- Opening Delimiter -

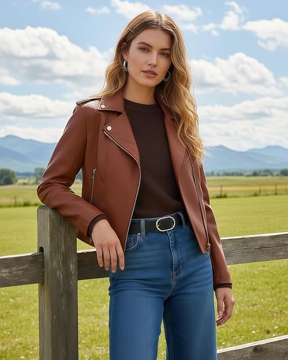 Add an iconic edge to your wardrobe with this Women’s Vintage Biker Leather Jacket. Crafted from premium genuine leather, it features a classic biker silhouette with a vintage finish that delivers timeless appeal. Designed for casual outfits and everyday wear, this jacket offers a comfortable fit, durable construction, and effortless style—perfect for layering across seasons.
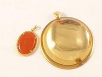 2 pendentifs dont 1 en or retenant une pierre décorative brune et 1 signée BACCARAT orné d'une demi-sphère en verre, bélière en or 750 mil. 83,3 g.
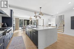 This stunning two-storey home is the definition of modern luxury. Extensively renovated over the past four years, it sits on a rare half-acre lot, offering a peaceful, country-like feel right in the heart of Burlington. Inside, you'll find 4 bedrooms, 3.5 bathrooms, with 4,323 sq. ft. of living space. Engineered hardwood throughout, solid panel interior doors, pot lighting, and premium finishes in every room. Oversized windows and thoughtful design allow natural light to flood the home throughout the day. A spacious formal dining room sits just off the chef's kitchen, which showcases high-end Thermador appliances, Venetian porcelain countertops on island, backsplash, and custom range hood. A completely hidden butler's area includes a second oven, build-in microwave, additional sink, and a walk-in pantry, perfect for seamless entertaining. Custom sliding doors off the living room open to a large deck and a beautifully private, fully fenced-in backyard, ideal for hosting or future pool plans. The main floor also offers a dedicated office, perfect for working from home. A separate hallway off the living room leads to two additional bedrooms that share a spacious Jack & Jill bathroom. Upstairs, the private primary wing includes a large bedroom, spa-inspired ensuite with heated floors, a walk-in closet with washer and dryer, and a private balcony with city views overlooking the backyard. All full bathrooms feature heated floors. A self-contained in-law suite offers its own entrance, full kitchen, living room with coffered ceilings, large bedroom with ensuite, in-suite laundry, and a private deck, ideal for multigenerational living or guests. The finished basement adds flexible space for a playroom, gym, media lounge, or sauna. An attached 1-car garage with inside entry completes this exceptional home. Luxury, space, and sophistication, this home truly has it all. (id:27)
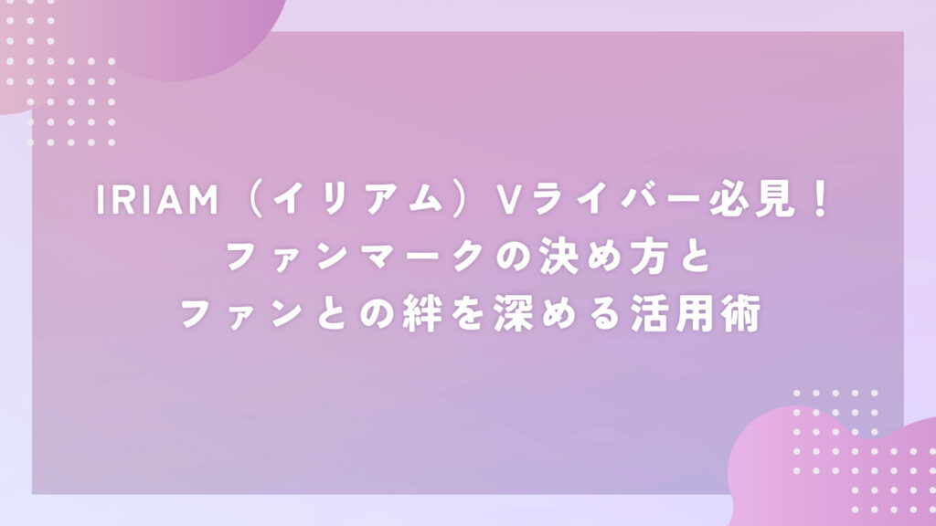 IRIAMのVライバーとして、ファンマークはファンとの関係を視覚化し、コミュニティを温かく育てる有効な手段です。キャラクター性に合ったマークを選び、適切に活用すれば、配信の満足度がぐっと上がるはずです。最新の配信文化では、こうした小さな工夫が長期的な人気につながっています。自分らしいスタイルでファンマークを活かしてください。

- Closing Delimiter -
- Opening Delimiter -

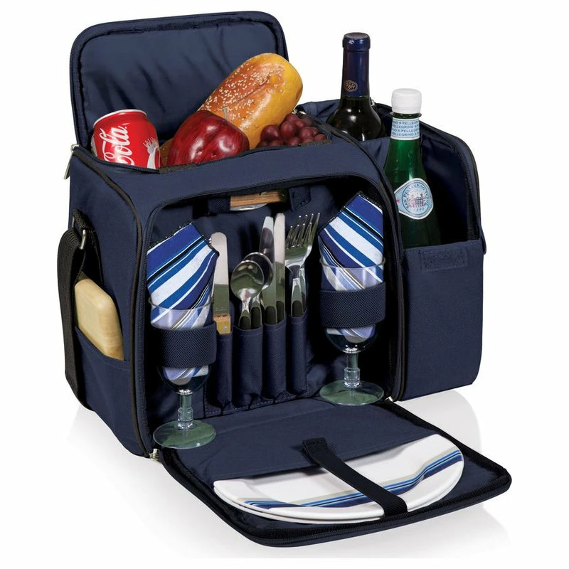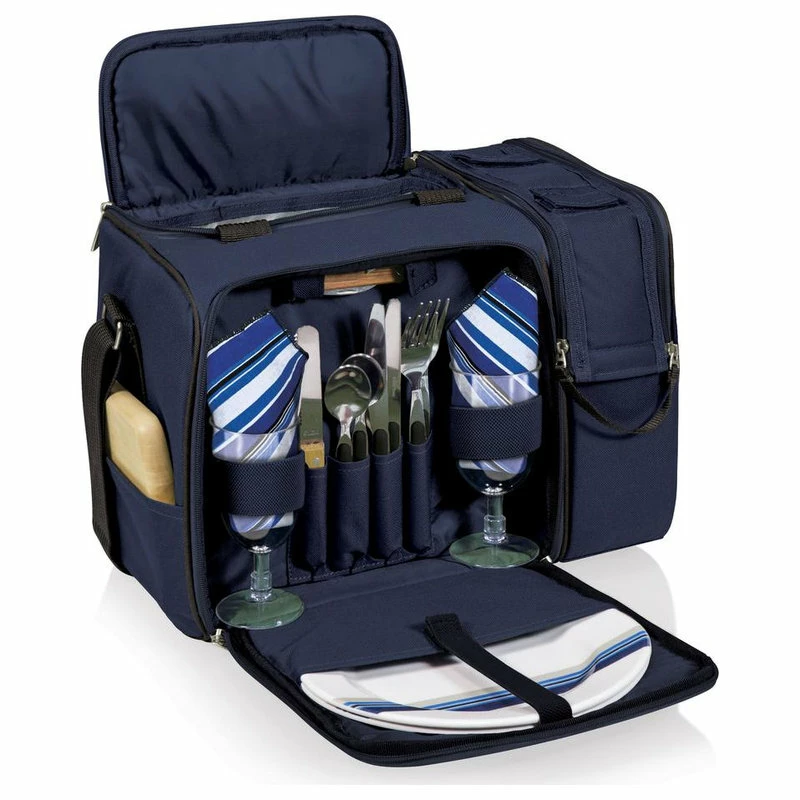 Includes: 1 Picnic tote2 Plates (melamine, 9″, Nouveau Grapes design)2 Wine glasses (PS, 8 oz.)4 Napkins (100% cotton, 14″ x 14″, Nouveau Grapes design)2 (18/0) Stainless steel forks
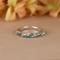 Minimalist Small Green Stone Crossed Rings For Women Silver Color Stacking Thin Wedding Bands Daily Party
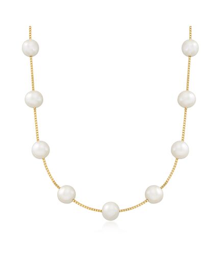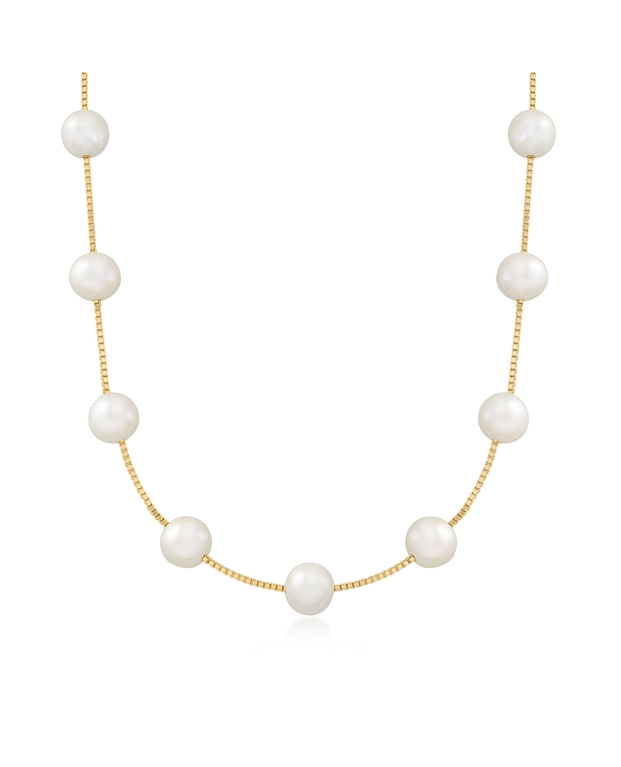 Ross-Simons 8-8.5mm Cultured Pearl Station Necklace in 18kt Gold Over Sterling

- Closing Delimiter -

Transcribe, from the material above, the stretch starting at the line with "Add an iconic" and ending at the line with "2 pendentifs dont", both included, exactly. Do not carry over pictures.

 Add an iconic edge to your wardrobe with this Women’s Vintage Biker Leather Jacket. Crafted from premium genuine leather, it features a classic biker silhouette with a vintage finish that delivers timeless appeal. Designed for casual outfits and everyday wear, this jacket offers a comfortable fit, durable construction, and effortless style—perfect for layering across seasons.
 2 pendentifs dont 1 en or retenant une pierre décorative brune et 1 signée BACCARAT orné d'une demi-sphère en verre, bélière en or 750 mil. 83,3 g.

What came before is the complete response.